- По молитвам матушки, - продолжал архимандрит, - Бог поможет, и возрастите, и образуете, и утешение получите, яко Иосиф. Чада утешительны к старости…
А брат, любитель и знаток военных отличий и орденов, жаловавший ими щедро своих оловянных и деревянных генералов, смотрел на архимандричьи кресты на орденских лентах, - смотрел и думал и, насмотревшись, прямо и просто спросил архимандрита:
- Вы - генерал?
Я видел, как отец улыбнулся и спрятал улыбку, игумения покачала головой, мама недовольно посмотрела на брата, а бабушка - маленькая и тихая - зашептала что-то брату, и голова у нее тряслась от старости и усталости хлопотного дня.
Архимандрит спокойно и вразумительно отвечал брату:
- Ордена даются, милый мой, не одним тем, кто воинствует оружием, но и тем, кто подвизается в духовной брани…

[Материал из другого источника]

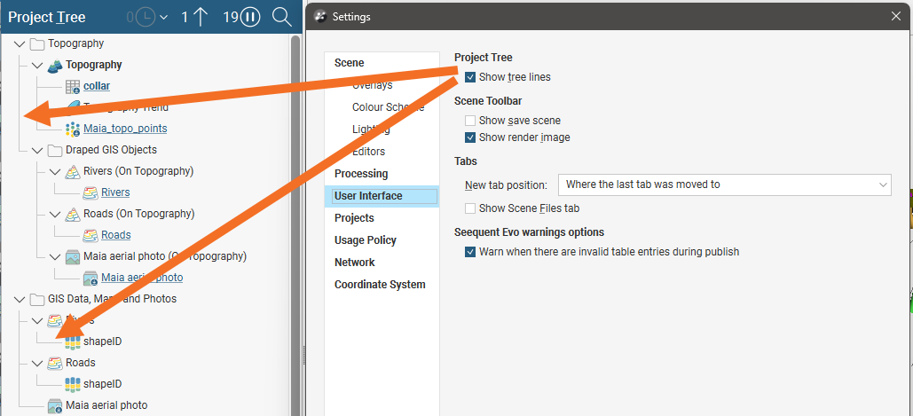 If you wish to display lines in the project tree, open the Settings window from the Leapfrog Energy menu. Click on User Interface and enable Show Tree Lines.

Брат ничего не понял из этого объяснения и, вероятно, запомнив из всего только одно слово "оружие", простодушно спросил:
- Вы были на войне?
- Не был, милый, не был, - несколько уже досадливо отвечал архимандрит. - Я не генерал, - и обратившись к матери, сказал: - Простота детская!
Не помню, что ответила ему мать.
Брату было неинтересно дальше спрашивать, и он не любил быть среди незнакомых взрослых, и не знал, можно ли идти ему, или нет; и я не знал, - но пока мама отвечала что-то архимандриту, а тот ей, брат вдруг что-то вспомнил, глазки у него заблестели и, подбежав к бабушке, он громко заговорил:
- Бабушка, бабушка, а что я вас хочу спросить!
- Что, милый?
Старушка с любовью смотрела на него и ждала, а он на минутку потупился и притихшим голоском сказал:
- Бабушка, вы - старица?
Взрослые переглянулись и улыбнулись, старшая монахиня что-то шепнула с довольным видом игуменье, а та - матери, бабушка же закивала головою, с ласковым упреком глядя на брата:
- Нет, милый, я не старица, - я простая старуха, - больная, да старая, да грешная.
Она была смущена и подавлена.
Мама обернулась к нам из-за стола и сказала:
- Поклонитесь, дети, поблагодарите за внимание и идите к няне. А няня была уже в дверях.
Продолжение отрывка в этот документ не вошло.